Giles v. Woods

103 So. 561 | Ala. | 1925

Counts 1 and 2 of the complaint are the common counts for money had and received and account stated, and counts 3 and 4 set up the facts showing how the defendant received the money claimed, and the nature of plaintiff's right thereto.

The facts of the case are substantially without dispute. Prior to and following October 1, 1918, John Brenton Woods was a soldier in the United States Army, and had a wife and a child seven years of age living in Birmingham, Ala. Pursuant to the Act of Congress approved October 6, 1917 (U.S. Comp. St. 1918, U.S. Comp. St. Ann. Supp. § 514nnnn et seq.), this soldier filed his application with the veterans' bureau for family allowance and allotment of pay, and an award was made thereon directing payment and specifying the allottee as "Hattie Jiles (Gdn. for 1 c)" — meaning "Hattie Jiles, as guardian for one child."

The first allotment check for $15.47, was drawn on October 1, 1918, payable to the order of Hattie Jiles, "Gdn. for 1 c of Johnie Brenton Woods." Thereafter allotment checks were drawn on the 1st day of each month down to and including August 1, 1919, payable to Hattie Jiles, but only those for April and August bore the memorandum indorsement "Gdn. for 1 c of Johnie Brenton Woods."

The defendant collected these several checks, amounting to $241. Her testimony is that she was expecting an allotment herself, on account of her brother, and that she did not notice the indorsement on the first check, or either of the later ones, and that she thought she herself was the beneficiary, and did not know the payments were intended for her brother's child, the plaintiff.

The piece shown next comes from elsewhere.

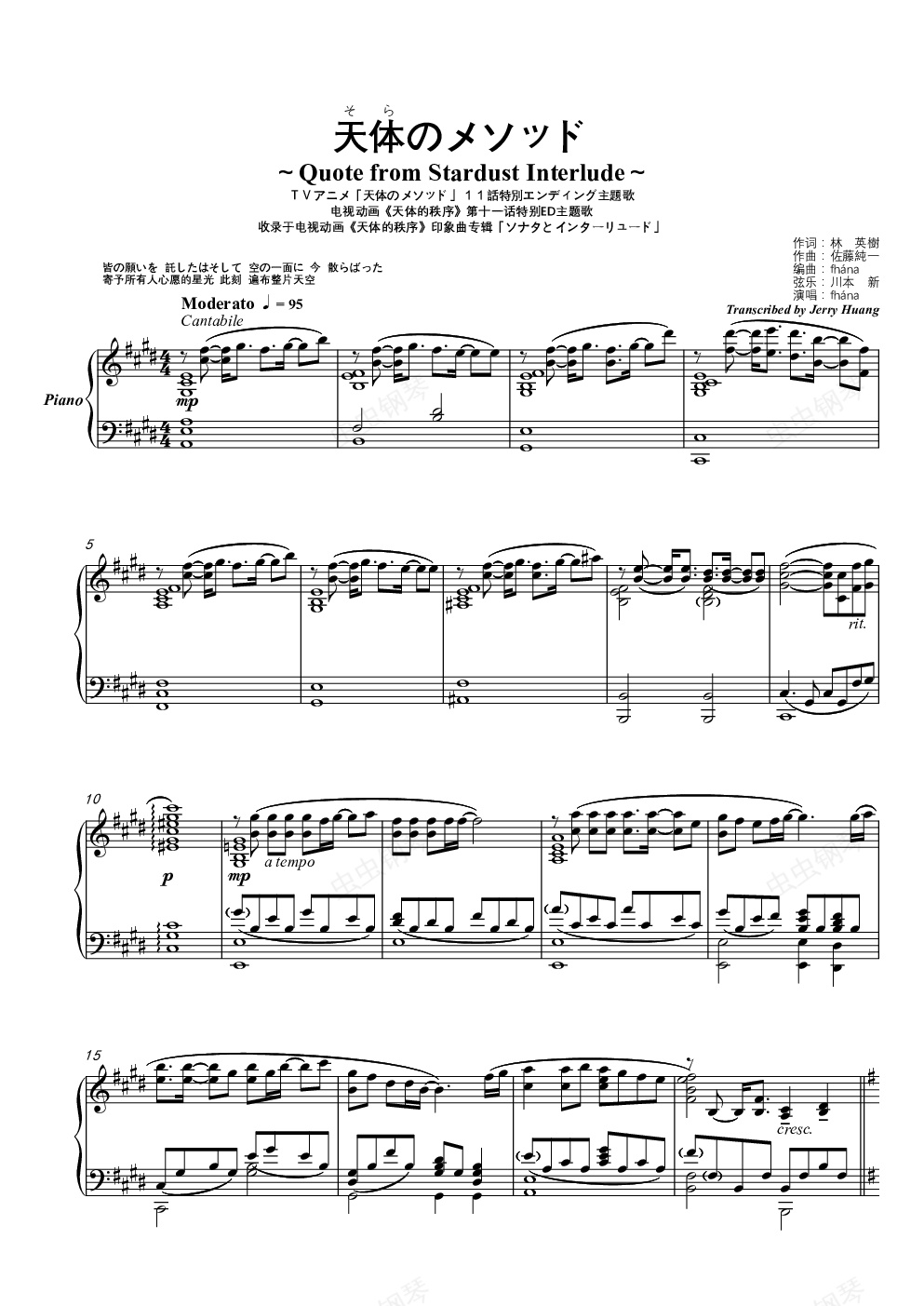 [IMG]/pu/2017/5/15/__3416_18145_[/IMG] 写在前面:这首歌听完之后大家应该也能明白,这首曲子的主旋律来源于那首《天体的秩序》的神ED《星屑のインタールード》,可以认为是后者的钢琴和弦乐编配的版本。话说回来我不是很擅长编慢速曲(虽说我和舍友说这是“慢速曲”的时候被狠狠地嘲讽了一番),虽然尽了最大努力,但因为不是很懂慢速曲左手如何编,所以左手可能有人会觉得单调吧。不过,在做这首曲子之前我分析过曲子的和声进行,左右手的和声是严格按照原曲来的,所以和声上应该没有太大问题。各位dalao有各种不满和意见请随意提出,我已经做好被喷一脸的觉悟了(认真脸)。这首曲子是电视动画《天体的秩序》第十一话ED,由组合fhána作词、作曲、编曲和演唱,收录于《天体的秩序》印象曲专辑《ソナタとインターリュード》 (《奏鸣曲和间奏曲》( and))。说起来第一次注意到fhána是在《小林家的龙女仆》OP《青空のラプソディ》,之后就瞬间路转粉,不仅开始寻找fhána的早期作品,而且开始疯狂搜刮fhána的专辑,现在手上算是有了《青空のラプソディ》和《星屑のインタールード》(《天体的秩序》ED)的动画盘CD,后者还是(从别人手上低价拿到的)未拆封的、封入fhána一单的先行购入券的限量版CD,算是相当稀有的存在。说到fhána的话,个人十分喜欢这个组合的曲子的和声特征以及主唱清澈的声线,以及曲子里犹如灵魂和支柱一般存在的弦乐编配,无论是《青空のラプソディ》,还是《星屑のインタールード》,弦乐团的加入都是神来之笔,能给人一种波澜壮阔的感觉。演奏建议:还是那句话,如果左手能应付大量音群跑动和跳跃演奏不按错音,那这首曲子就没有难度。如果觉得有难度的话,可以试试删去左手低八度音。当然,如果觉得这个版本太(bu)过(gou)简(gui)单(chu),可以点下面的链接看油管大神对ED的鬼畜编配:/video//。专辑封面: [IMG]/pu/2017/5/15/__3416_18158_[/IMG]

She asserts that she had no knowledge that she was designated by the bureau as guardian of her brother's child.

As to the disposition of the fund in question, she says that she kept all of it until her brother, the soldier, was discharged from the Army, and upon his return to Alabama she gave him all but $100 of it; and that balance she expended in bringing home his remains when he died a little later in Michigan. Beyond controversy, the money thus paid to defendant was the property of this plaintiff, but defendant denies liability upon two distinct theories: (1) If the money was in fact paid to defendant as guardian and trustee, then the plaintiff, as ward, cannot recover in this action at law, because there has been no settlement to ascertain the balance due to the ward. (2) If defendant in good faith restored the money to her brother, before she was notified of plaintiff's rights therein, even though the money belonged to plaintiff, defendant is not liable therefor.

The first proposition is of course correct where the legal relation of guardian and ward exists. Eiland v. Chandler,8 Ala. 781; Chapman v. Chapman, 32 Ala. 107; Lee v. Lee, 55 Ala. 590. It can have no application, however, where there is no legal guardianship. Defendant never was the guardian of plaintiff, but was at most an agent merely *524 for the reception and delivery of these allotments as paid by the government.

In support of the second proposition, defendant relies on the principle laid down in Nelson v. Iverson, 17 Ala. 216, 223:

"If the bailee have the temporary possession of property, holding the same as the property of the bailor and asserting no title in himself, and in good faith in fulfillment of the terms of the bailment, either as expressed by the parties or implied by law, restores the property to the bailor before he is notified that the true owner will look to him for it, no action will lie against him, for he has only done what was his duty."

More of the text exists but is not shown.